FIRST AMENDMENT OF PURCHASE AND SALE CONTRACT
Exhibit 10.49
FIRST
AMENDMENT OF
PURCHASE AND SALE CONTRACT
THIS FIRST AMENDMENT OF PURCHASE AND SALE CONTRACT(this “Amendment”) is entered into effective as of the 26th day of November, 2008 (the “Effective Date”), by and betweenCONSOLIDATED CAPITAL GROWTH FUND, a California limited partnership, having an address at c/o AIMCO, 0000 Xxxxx Xxxxxx Xxxxxx Xxxxxxx, Xxxxx 0000, Xxxxxx, Xxxxxxxx 00000 (“Seller”), and THE EMBASSY GROUP LLC, a New York limited liability company, having a principal address at 0 Xxxxxxx Xxxx, Xxxxx 000, Xxxxxxx, Xxx Xxxx 00000 (“Purchaser”).
RECITALS
A. Seller and Purchaser entered into that certain Purchase and Sale Contract, dated as of October 28, 2008 (the “Contract”), regarding real property located in Wake County, North Carolina and more particularly described in the Contract.
B. Seller and Purchaser desire to make modifications to the Contract subject to the terms and conditions described below.
C. All capitalized terms not otherwise defined in this Amendment shall have the meanings ascribed to them in the Contract.

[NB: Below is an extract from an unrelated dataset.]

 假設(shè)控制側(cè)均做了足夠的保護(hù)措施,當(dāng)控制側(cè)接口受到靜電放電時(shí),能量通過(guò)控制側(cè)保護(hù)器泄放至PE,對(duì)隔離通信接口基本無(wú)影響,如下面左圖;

NOW THEREFORE, for valuable consideration, the receipt and sufficiency of which are hereby acknowledged, and intending to be legally bound, Seller and Purchaser agree as follows:
agreements
“Section 2.2. Purchase Price and Deposit. The total purchase price (“Purchase Price”) for the Property shall be an amount equal to $24,425,000, which amount shall be paid by Purchaser, as follows:
Section 2.2.1. The parties acknowledge that Purchaser has previously delivered to LandAmerica Commercial Services, c/o Xxxxxxxx Xxxxxx, 0000 00xx Xxxxxx, Xxxxx 0000, Xxxxxx, XX 00000 (“Escrow Agent” or “Title Insurer”) an initial deposit of $260,000 (the “Initial Deposit”) by wire transfer of immediately available funds (“Good Funds”). The Initial Deposit shall be held and disbursed in accordance with the escrow provisions set forth in Section 2.3.

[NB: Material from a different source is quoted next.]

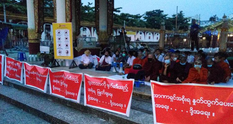同样的,在曼德勒2500诵经堂也有三十名僧侣与平民组成的示威者设立示威行营,呼喊口号反对政府。

Section 2.2.2. Immediately upon execution of this Amendment, Purchaser shall deliver to Escrow Agent an additional deposit (the “Additional Deposit”) of $463,704 by wire by transfer of Good Funds. The Additional Deposit shall be held and disbursed in accordance with the escrow provisions set forth in Section 2.3.
Section 2.2.3. The balance of the Purchase Price for the Property shall be paid to and received by Escrow Agent by wire transfer of Good Funds no later than 12:00 p.m. (in the time zone in which Escrow Agent is located) on the Closing Date (or such earlier time as required by Seller’s lender).”
“The Closing shall occur on or before December 12, 2008 at the time set forth in Section 2.2.3 (the "Closing Date") through an escrow with Escrow Agent, whereby the Seller, Purchaser and their attorneys need not be physically present at the Closing and may deliver documents by overnight air courier or other means. Provided that Purchaser is not in default under the terms of this Contract, Purchaser shall be permitted a one-time extension of the Closing Date to December 29, 2008 by delivering written notice to Seller no later than December 8, 2008.”
[SIGNATURES COMMENCE ON THE FOLLOWING PAGE]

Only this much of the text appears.